Exclusion of regions of interest based on decodability of evoked responses

Our correlated variability analysis hinged on the ability to track ongoing fluctuations of stimulus and action-selective cortical activity in different ROIs via the decoders trained on the ROIs’ stimulus- and action-evoked responses. A prerequisite for doing so is obtaining robust stimulus and action decoding from those evoked responses, for all ROIs included. If this criterion is not met, the corresponding ROIs thus need to be excluded from the analysis. To this end, we used the following procedure.

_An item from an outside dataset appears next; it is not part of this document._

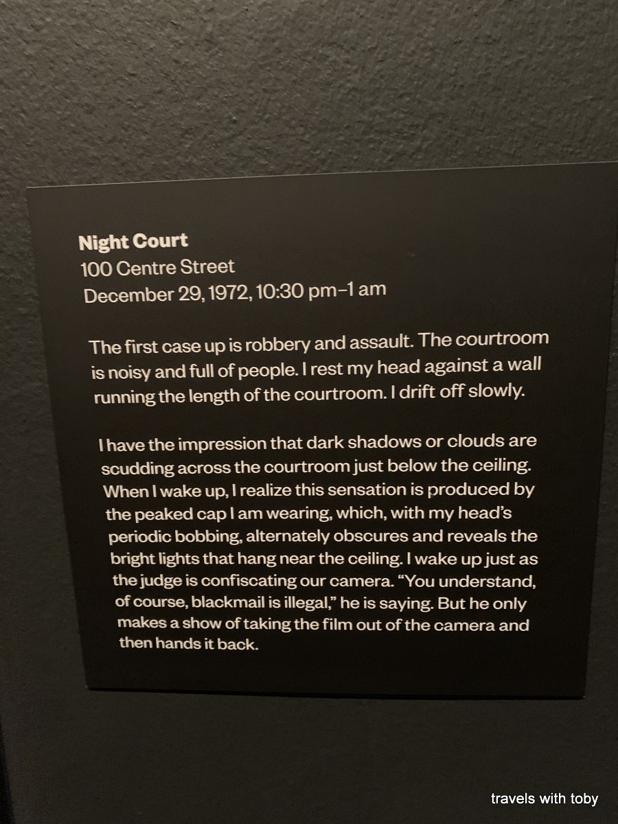 In Gallery 5 were photos of her asleep in different places. She wanted to sleep in various public places to see if it would influence her dreams. There are photos of her asleep near the water on Coney Island in January, another in a night court room and yet another in a women’s bathroom at Columbia University. So interesting! Such an imagination!

For each sensory (visual cortex) and action (frontal cortex) ROI, we excluded that region (and the corresponding decoder) from the remainder of the correlated variability analysis, if a certain level of decoding performance was not achieved. To evaluate decoding performance in an ROI we looked at the four-fold cross-validated accuracy of decoders (stimulus or action, as appropriate) trained in the same manner as usual (apart from the use of cross-validation). We produced a single accuracy value per participant and region by computing, for each fold, average accuracy on the held-out data (but only using time points between 0.200 and 0.275 s relative to stimulus onset, and time points between −0.200 and −0.125 s relative to actions), and then averaging across folds.

We compared the average accuracy values (one for each participant) to 50% (i.e., chance) using a permutation t-test (10,000 permutations, each iteration involved a 0.5 probability of flipping each original datapoint around the reference value). If a given ROI did not achieve a statistically significant level of decoding accuracy (at a p-value of 0.05, one-sided test), that ROI was excluded from the remainder of the analyses.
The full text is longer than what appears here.